DESCRIPTION OF THE TASK:
Leaving out every picture, quote the data below exactly as it appears.

MATERIAL PROVIDED:
━━━━
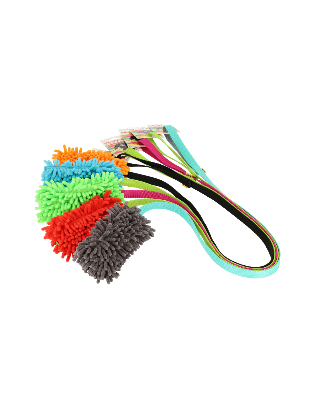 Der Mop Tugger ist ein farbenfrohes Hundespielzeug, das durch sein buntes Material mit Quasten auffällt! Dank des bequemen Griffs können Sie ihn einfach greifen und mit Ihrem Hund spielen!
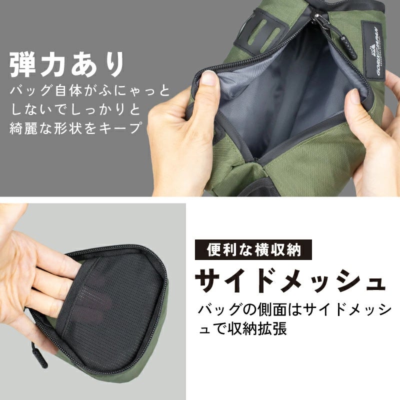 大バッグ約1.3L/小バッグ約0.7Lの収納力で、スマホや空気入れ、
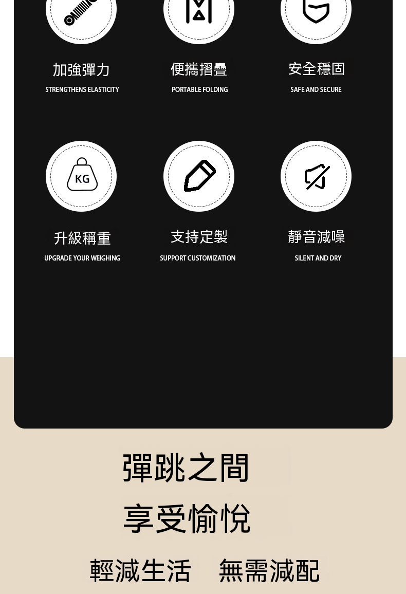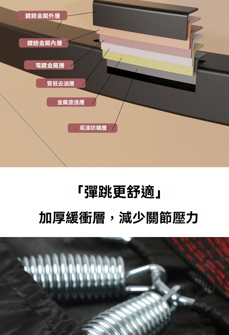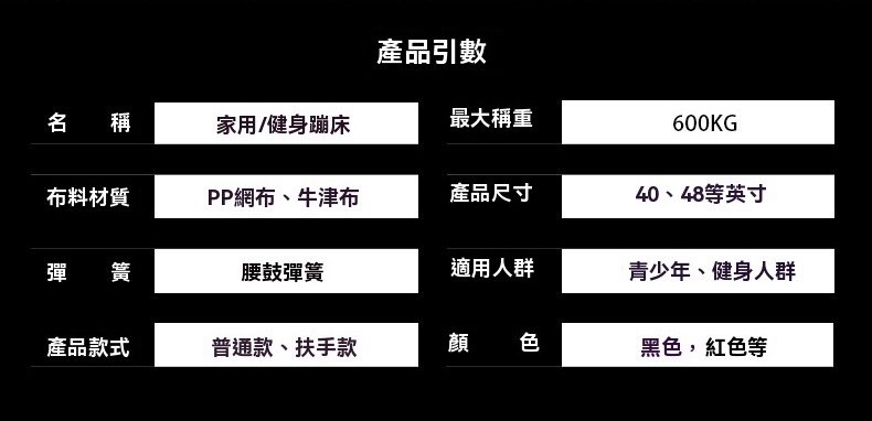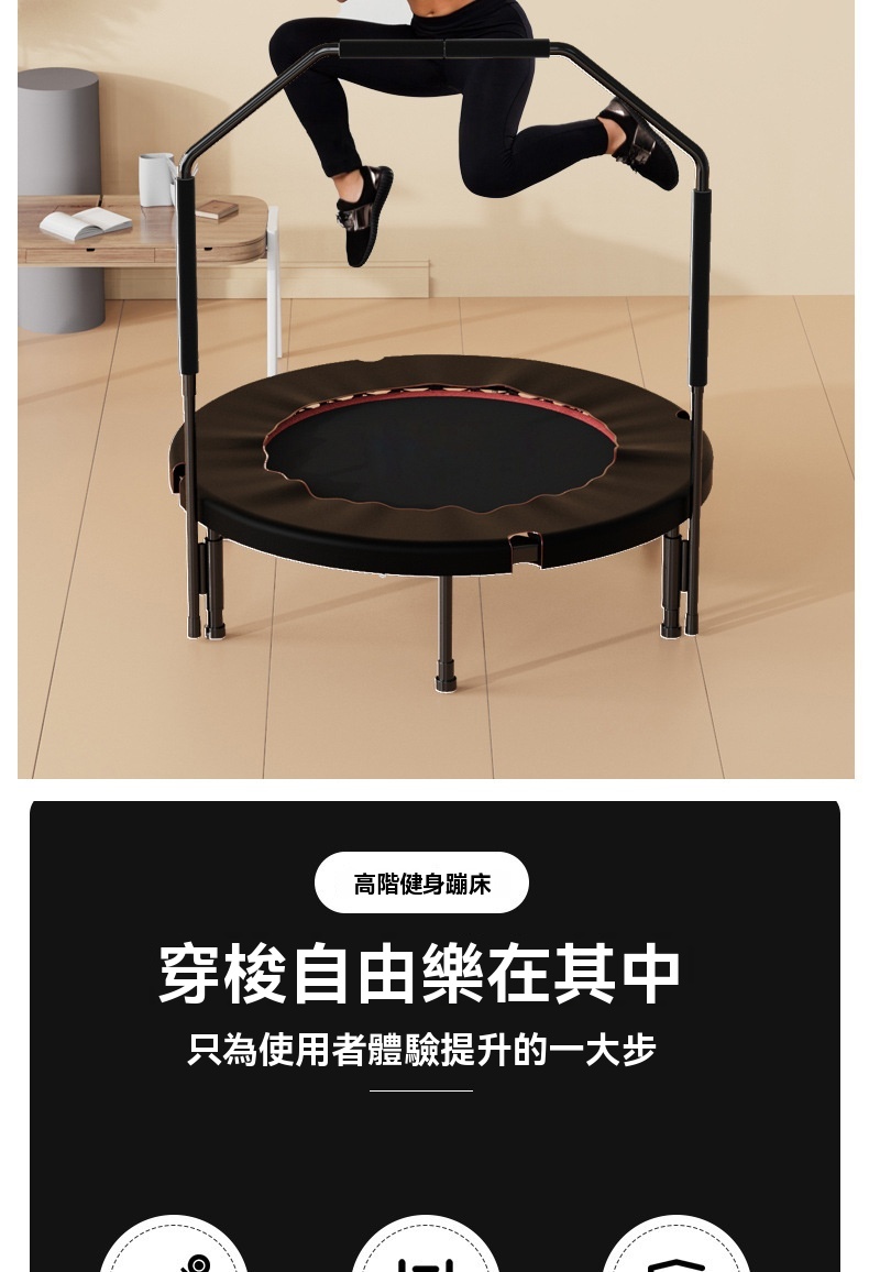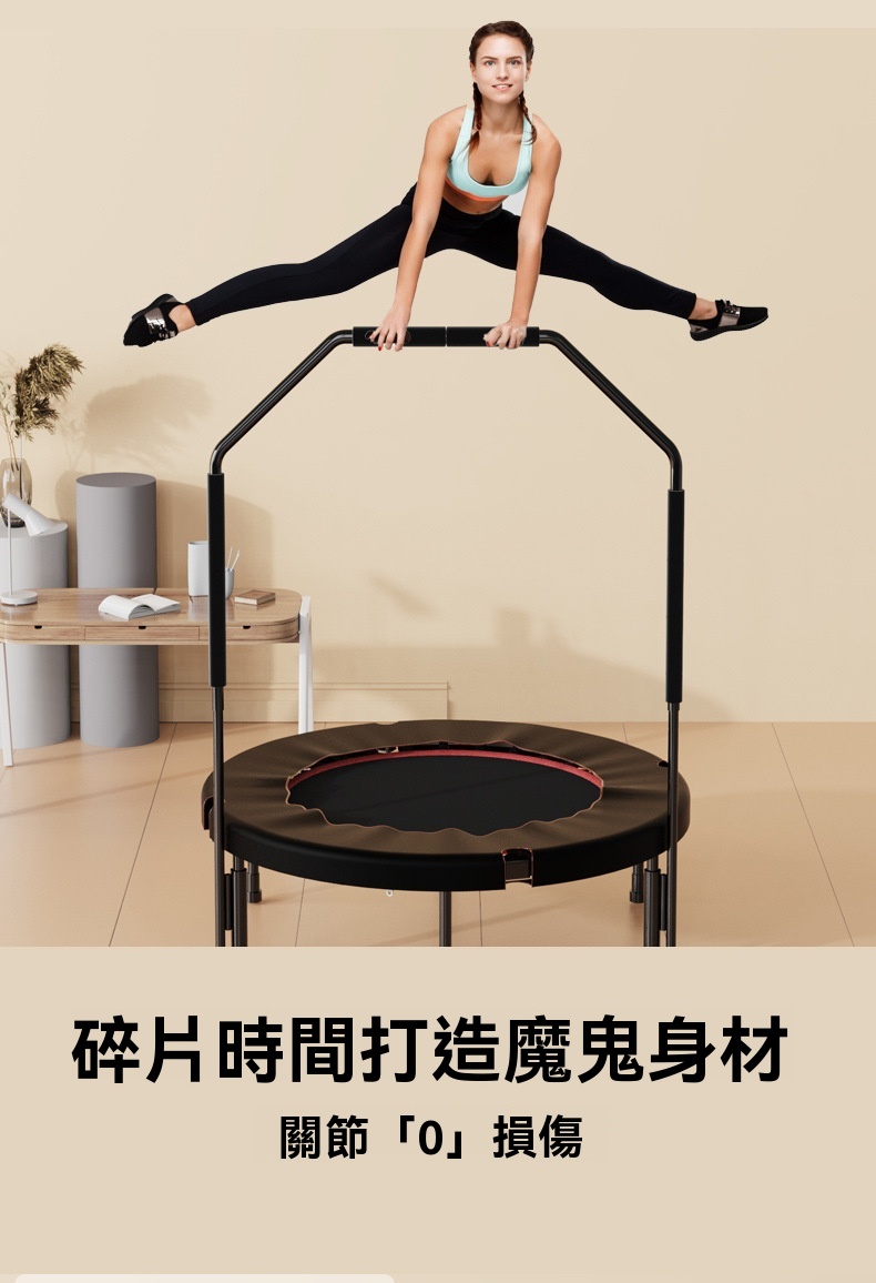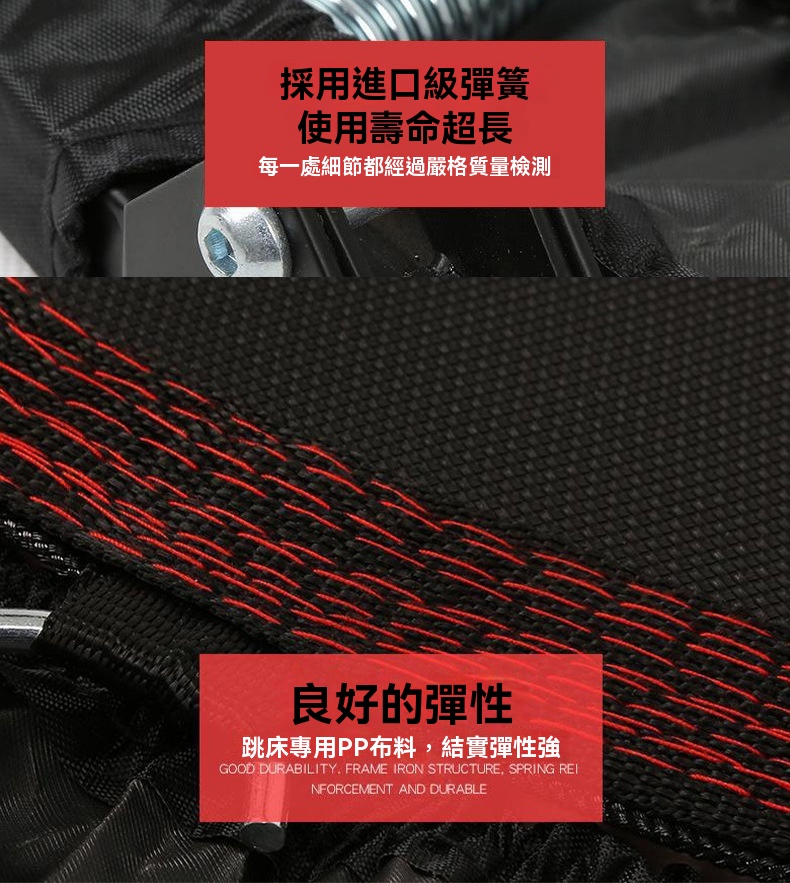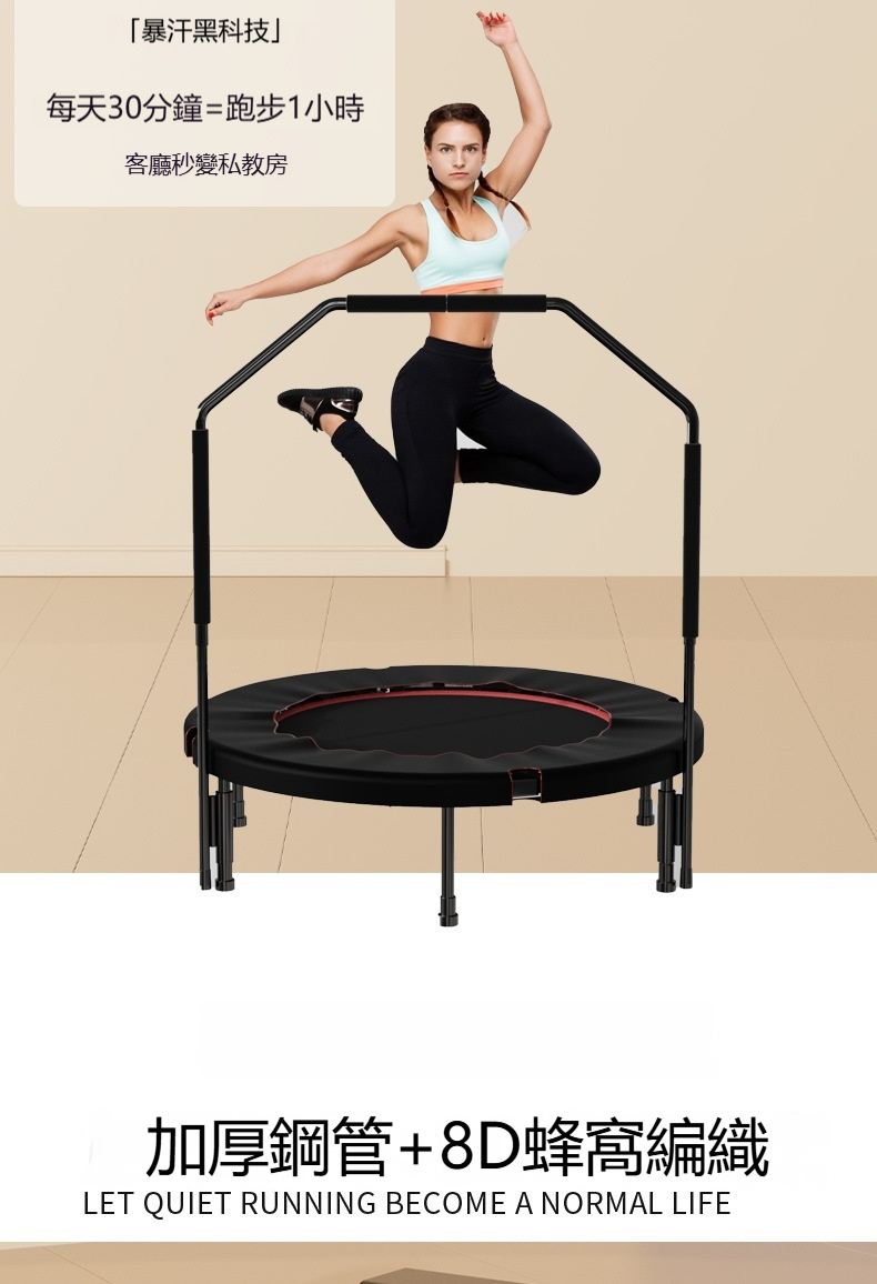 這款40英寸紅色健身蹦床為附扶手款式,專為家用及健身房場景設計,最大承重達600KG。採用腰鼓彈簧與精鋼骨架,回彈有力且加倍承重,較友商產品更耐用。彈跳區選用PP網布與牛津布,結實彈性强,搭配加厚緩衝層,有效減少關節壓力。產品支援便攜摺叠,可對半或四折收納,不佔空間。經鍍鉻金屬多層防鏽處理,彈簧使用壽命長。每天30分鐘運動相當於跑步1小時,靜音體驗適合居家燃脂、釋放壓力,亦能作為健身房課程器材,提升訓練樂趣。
━━━━
WRITTEN REPLY:
 Der Mop Tugger ist ein farbenfrohes Hundespielzeug, das durch sein buntes Material mit Quasten auffällt! Dank des bequemen Griffs können Sie ihn einfach greifen und mit Ihrem Hund spielen!
 大バッグ約1.3L/小バッグ約0.7Lの収納力で、スマホや空気入れ、
 這款40英寸紅色健身蹦床為附扶手款式,專為家用及健身房場景設計,最大承重達600KG。採用腰鼓彈簧與精鋼骨架,回彈有力且加倍承重,較友商產品更耐用。彈跳區選用PP網布與牛津布,結實彈性强,搭配加厚緩衝層,有效減少關節壓力。產品支援便攜摺叠,可對半或四折收納,不佔空間。經鍍鉻金屬多層防鏽處理,彈簧使用壽命長。每天30分鐘運動相當於跑步1小時,靜音體驗適合居家燃脂、釋放壓力,亦能作為健身房課程器材,提升訓練樂趣。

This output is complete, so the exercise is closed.